Ten brands that play a pivotal role in enriching customers' lives

Roger Barr

Chief Digital Officer

Today’s fastest growing brands are those that are committed to helping customers get the most out of life, and digital is a key enabler...

  • Brands who are serious about helping their customers are investing in both content and digital products and services that are memorable, timely, inspiring, and valuable.

  • Eve Sleep goes beyond beds and mattresses - it is committed to helping its customers enjoy good quality sleep, and its rich blog is central to this - while Headspace offers free mindfulness features for those in need.

  • Burton Snowboards is transparent about its commitment to sustainability, stating its goals and tracking its progress on its web site, while GoPro majors on content, not product, and in 2019 passed two billion views on YouTube.

Catalysts for change, as enablers and facilitators of a better life for their customers.

Many brands choose to shout about the superiority and excellence of their products. Yet smart brands overtly position themselves as catalysts for change, as enablers and facilitators of a better life for their customers.

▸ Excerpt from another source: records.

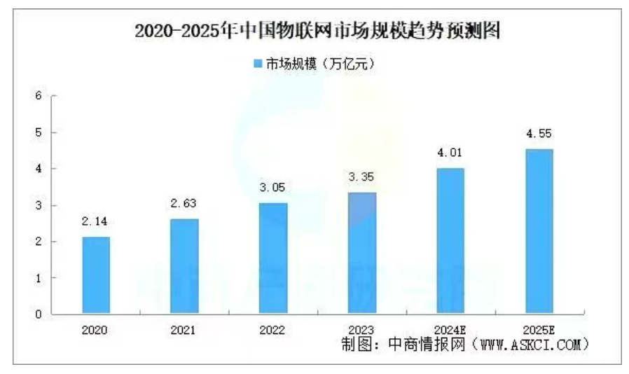 物聯網是以感知技術和網絡通信技術為主要手段,實現人、機、物的泛在連接,提供信息感知、信息傳輸、信息處理等服務的基礎設施。2023年全國物聯網市場規模約為3.35萬億元,同比增長9.84%,2024年市場規模約4.01萬億元。未來,物聯網上漲空間可觀,中商產業研究院分析師預測,2025年全國物聯網市場規模可達4.55萬億元。
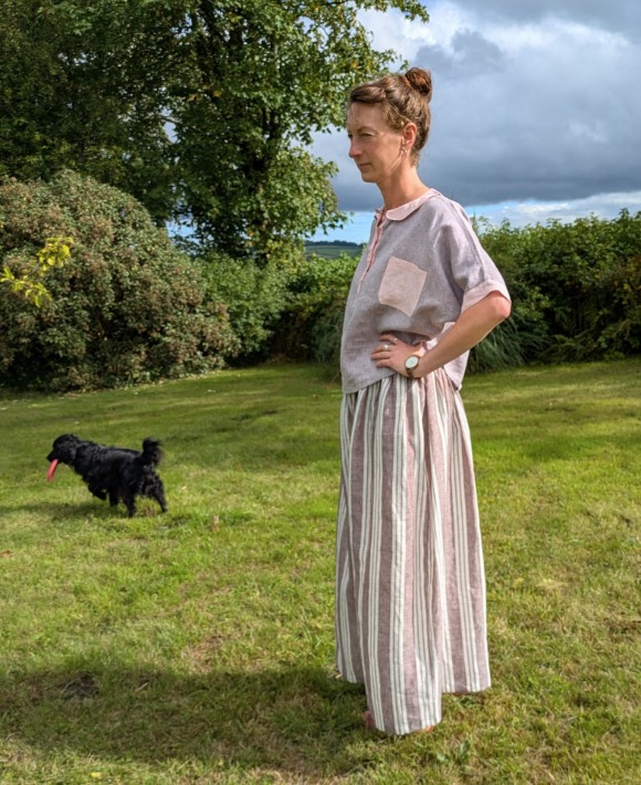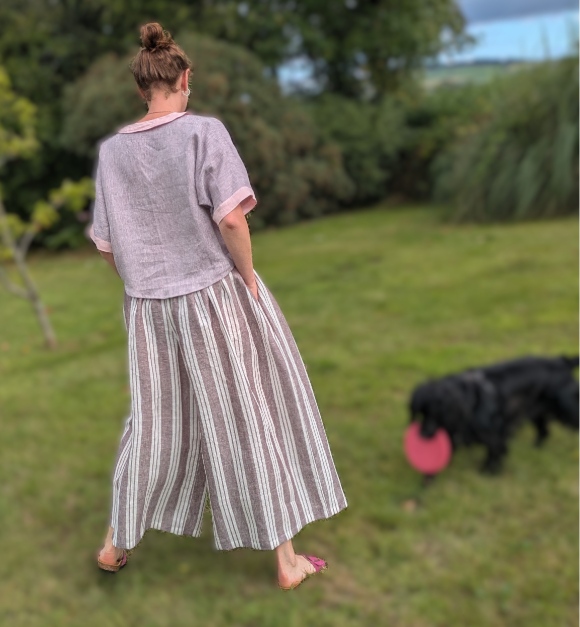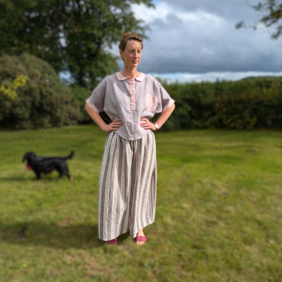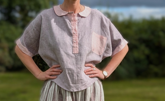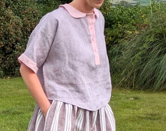Pullover blouse with round neck and Peter-Pan collar, dropped shoulders and grown-on half-sleeves and top pocket. Made from violet Irish linen with sugar pink highlights, the placket is closed with pink vintage buttons. Shown here worn with striped culottes.
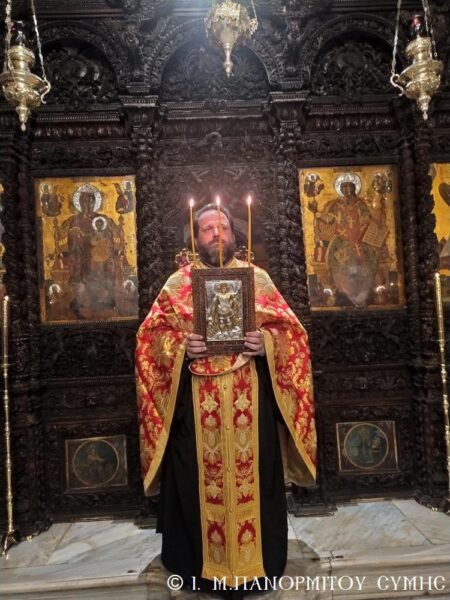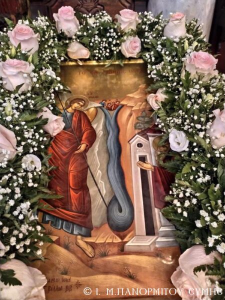 Σήμερα, κυριώνυμον ημέρα της εορτής, χοροστατούντος του Σεβασμιωτάτου Μητροπολίτου Σύμης, Τήλου-Χάλκης και Καστελλορίζου κ. Χρυσοστόμου ετελέσθη ο Όρθρος και η Θεία Λειτουργία, συλλειτουργούντων του Καθηγουμένου της Ι. Μονής Αρχιμ. Αντωνίου Πατρού, του φιλοξενουμένου Αρχιμ. Ιωαννικίου Αναγνώστου, του Οικον. Αντωνίου Κασιώτη και του Διακόνου μας Γεωργίου Κακακιού.
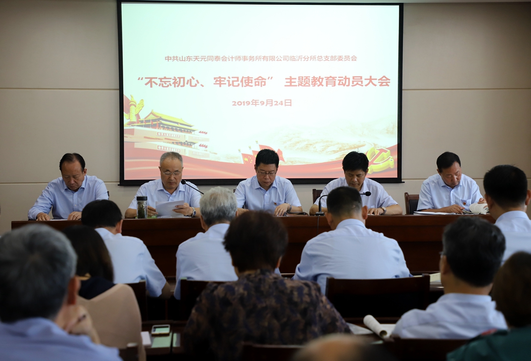 日前,中共山东天元同泰会计师事务所党总支召开动员大会,在全所范围内全面启动“不忘初心、牢记使命”主题教育活动。会上传达学习了省、市行业党委的有关文件,公布了事务所“不忘初心、牢记使命”主题教育活动实施方案,总支书记裴波苓作了主题教育工作部署,对开展各项活动进行了安排。同时,组织全体党员进行第一次集中学习。
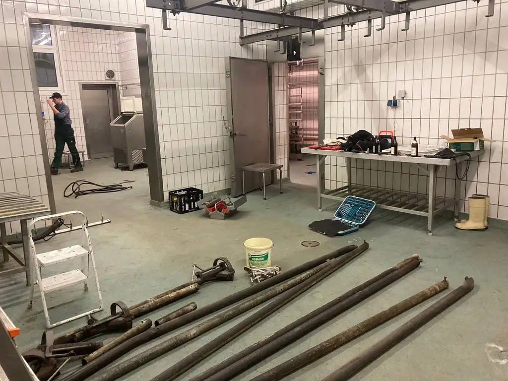 Wer eine Brauerei gründen will, braucht allerdings mehr als nur Mut und Können. Es braucht schon auch a bissl Platz. Andreas sprach den Bürgermeister von Gleißenberg an. Falls es irgendwo Leerstand gäbe soll er sich doch bitte melden. Zwei Monate später kam der Hinweis das ein Bauunternehmer aus Gleißenberg eine ehemalige Metzgerei im Ort besitzt. Grundsätzlich eigenen sich solche Metzgereigebäude hervorragend für kleine Brauereien, alles ist gefliest, im Boden gibt es Abflüsse. Andreas überlegte nicht lange, unterschrieb den Mietvertrag und zog ein. 2023 erfolgte die offizielle Firmengründung des Mayerbräu. Ende des Jahres begann der Umbau. Und der hatte es in sich. Ein Dreiviertel Jahr bis Jahr für Baustelle. Planung, Abstimmung, Handwerker, Genehmigungen und das besorgen des entsprechenden Brauequipment!
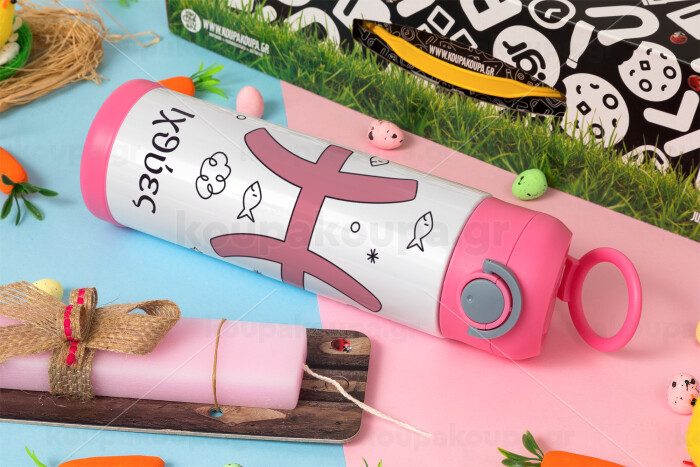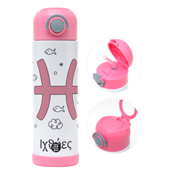 Ζώδια Ιχθύες, Easter candle, Childrens hot water bottle, stainless steel, with safety straw, PINK (500ml)
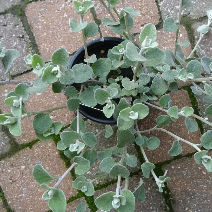 Helichrysum petiolare 'Blue Green Leaved' est une plante aromatique à feuillage avec de longues vrilles pendantes (30-35 cm) de petites feuilles grises, doucement poilues.
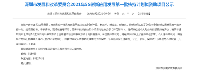 近日,深圳市發展和改革委員會發布2021年5G創新應用發展第一批扶持計劃擬資助項目公示,由廣電計量檢測(深圳)有限公司(簡稱:深圳廣電計量)承擔的“深圳5G應用測試驗證公共服務平臺組建項目”獲得立項支持。
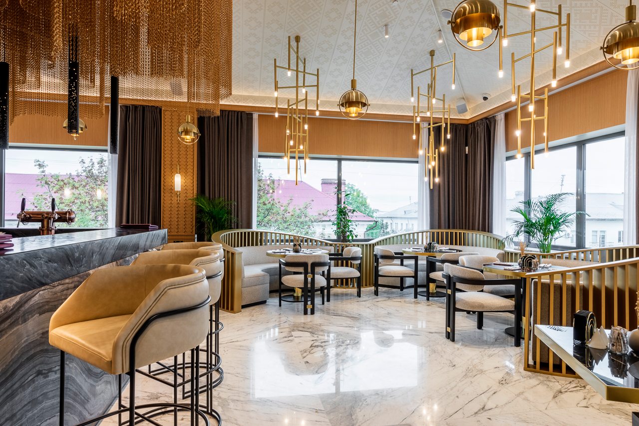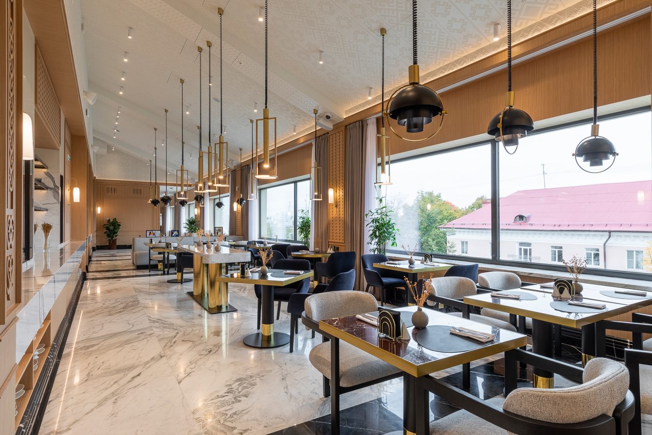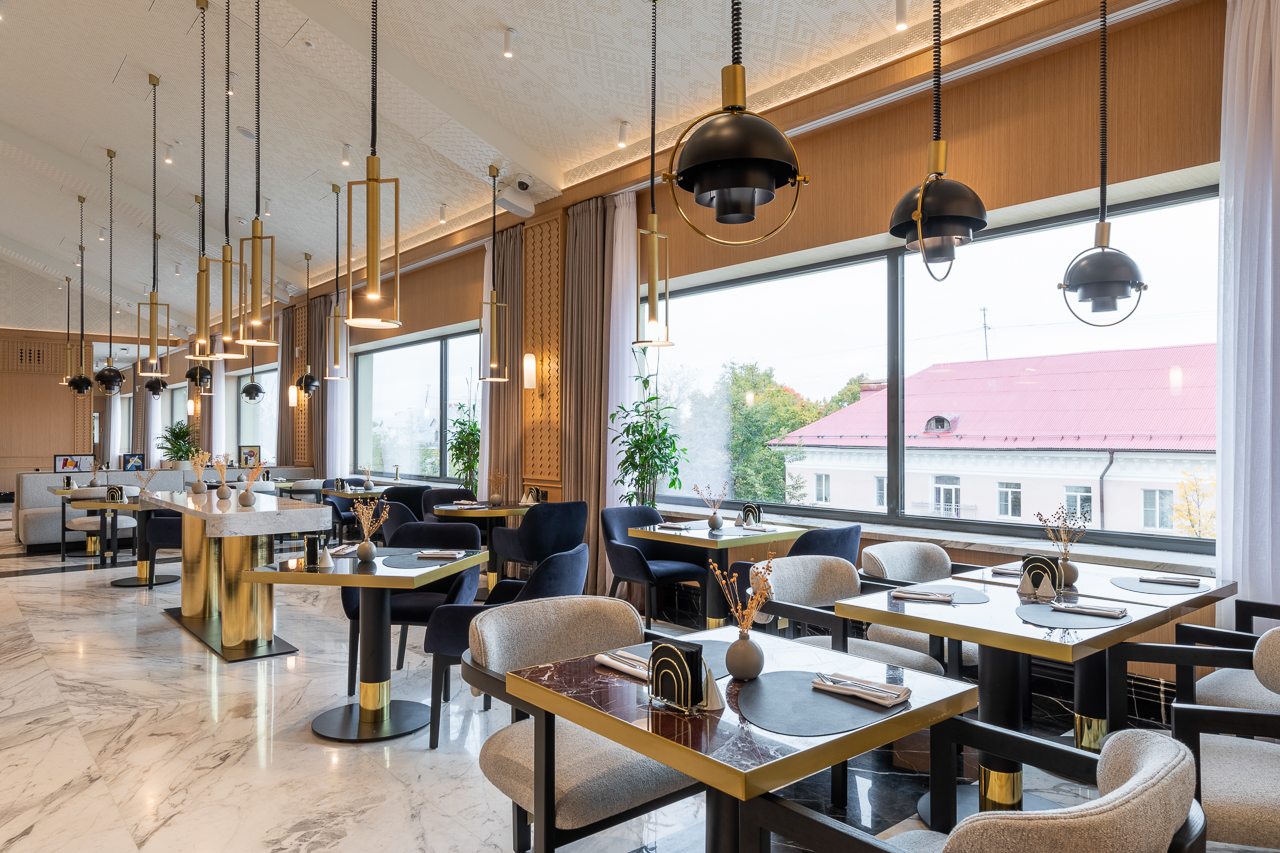 Попробовать изысканные блюда и напитки, а также насладиться панорамным видом на город можно в ресторане «Проун». Также при отеле есть лобби-бар.
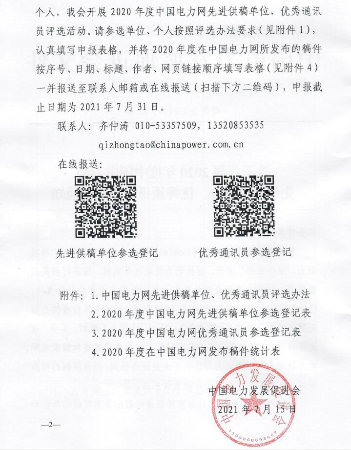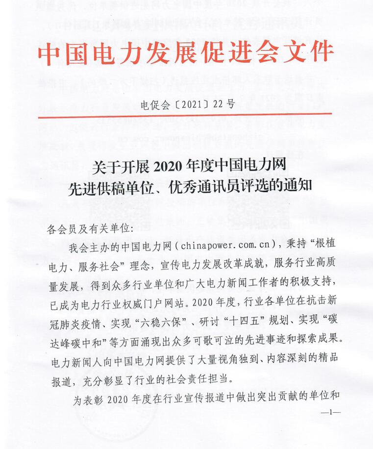 關于開展“中國電力網(wǎng)2020年度先進供稿單位、優(yōu)秀通訊員”評選活動的通知
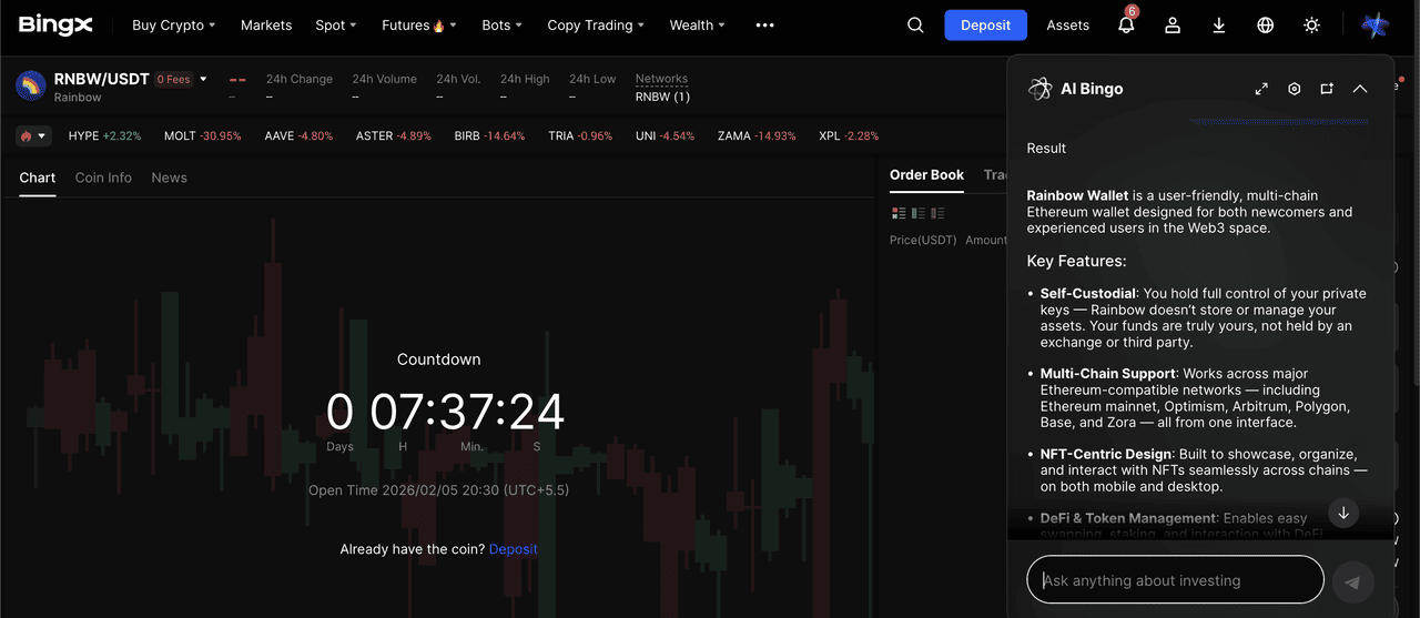 Following the launch on February 5, 2026, $RNBW is available for trading on BingX. Harnessing the power of BingX AI, you can navigate the RNBW/USDT spot market with institutional-grade precision, utilizing real-time sentiment analysis and automated risk management to optimize your airdrop strategy.
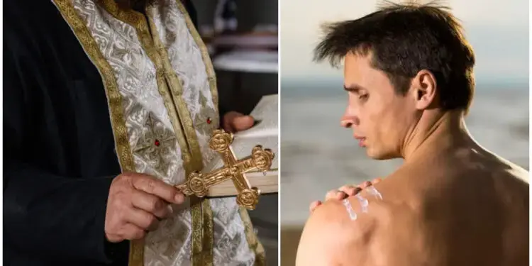 Εκεί, κατά τον Εσθονό, ο εφημέριος του ζήτησε να κατεβάσει το παντελόνι του, το εσώρουχό του και να βγάλει τη μπλούζα του για να τον αλείψει με λάδι. Τότε, όπως υποστήριξε, άρχισε να τον αλείφει στα γεννητικά του όργανα με λάδι και μόνο εκεί για μερικά δευτερόλεπτα. Ο αλλοδαπός μηνυτής, όπως υποστήριξε, πιστεύοντας ότι επρόκειτο για μια συνήθη διαδικασία δεν του ζήτησε να σταματήσει και στην πορεία υπέβαλε την μήνυση.
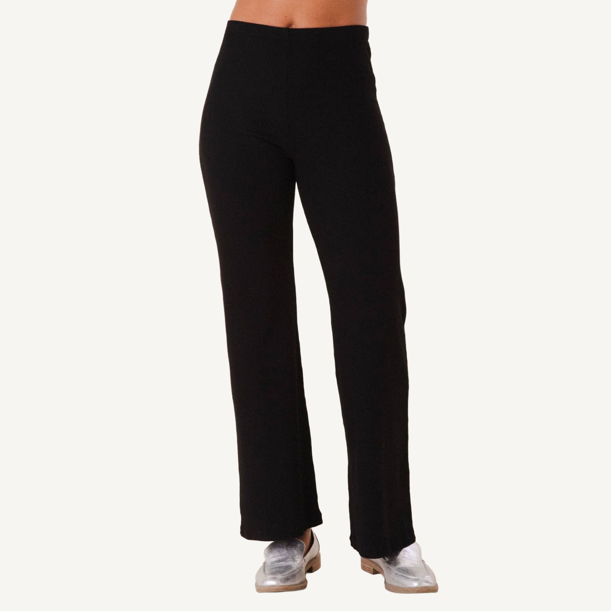 Our beloved organic cotton rib has been deployed to create a long, flared legging. The thick organic cotton and spandex textile is breathable, body-smoothing, and sturdy. They are suitable for exercise, lounging, or any time you would wear a legging.
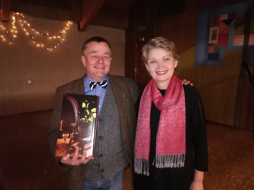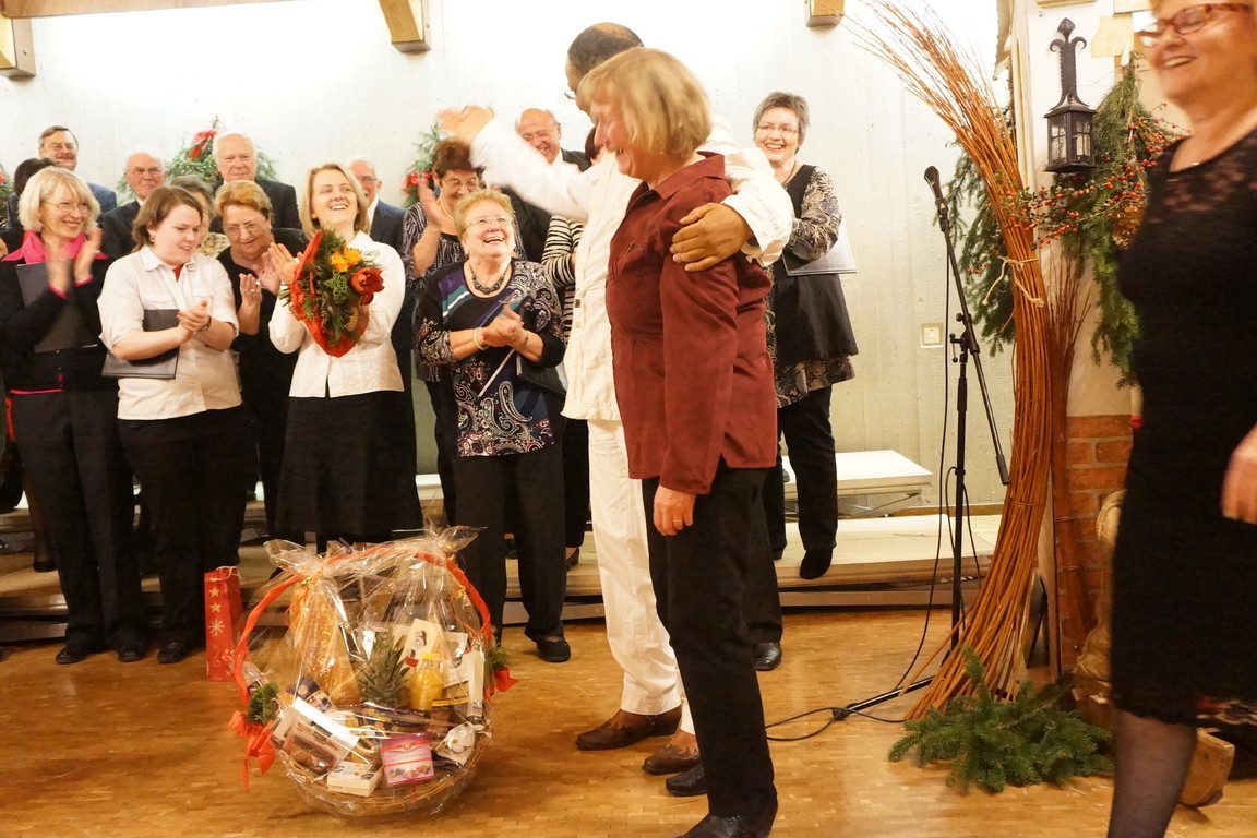 Anschließend bedankte sich die 1. Vorsitzende Susanne Baumeister mit kleinen Geschenken und Aufmerksamkeiten bei den Vorstands- und Ausschussmitgliedern, den Mitwirkenden des Abends und mit dem Ruf „Aislan, es gibt was zu essen“ (und einem üppig gefülltem "Fresskorb") beim Chorleiter, der an diesem Abend außer der Reihe einen großen Teil der Dirigate der stimmlich angeschlagenen Vizechorleiterin Sabine Hanel überließ, die diese Aufgabe locker stemmte. Die Unterstützung der Männerstimmen durch Aislans Bass war wunderbar.
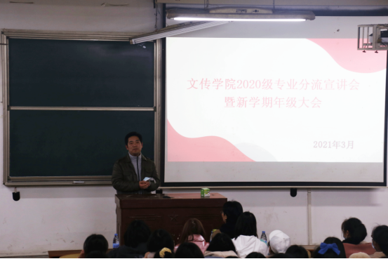 本站讯(通讯员努尔比叶  摄影秦欣然)我院2020级中国语言文学类专业分流宣讲答疑会暨新学期年级大会于3月19日下午17时30分在文一楼201教室召开。我院副院长陈啸、国际汉语教育专业教授夏耕、中文专业副教授杨秀芝、2020级辅导员卡迪尔旦出席此次会议,全体2020级中国语言文学类专业学生参加此次大会,大会由卡迪尔旦老师主持。
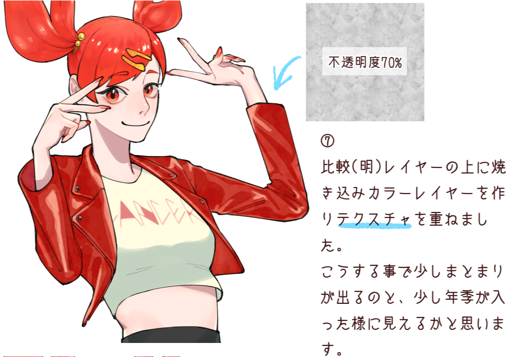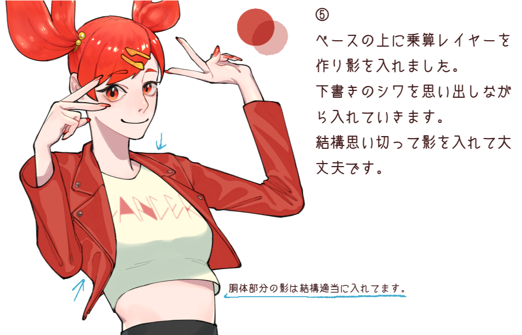 在步调上制作了正片叠加层,放入了影子。一边想起草稿上的皱纹一边放进去。下定决心把影子放进去没关系。

Of course, such companies still need a great product, but they also need to create a brand proposition that clearly articulates what they stand for and the role they feel they can play in customers’ lives. Communicating this means investing in content so good that customers go out of their way to read it, and in providing digital applications that are useful, content-rich, easy to use, and which become an integral part of their customers’ lives.

Positive experiences change perceptions and ultimately influence how people feel about a brand. Brands who are serious about helping their customers are investing in both content and digital products and services that are memorable, timely, frictionless, consistent, reliable, helpful, inspiring, useful, supportive and valuable.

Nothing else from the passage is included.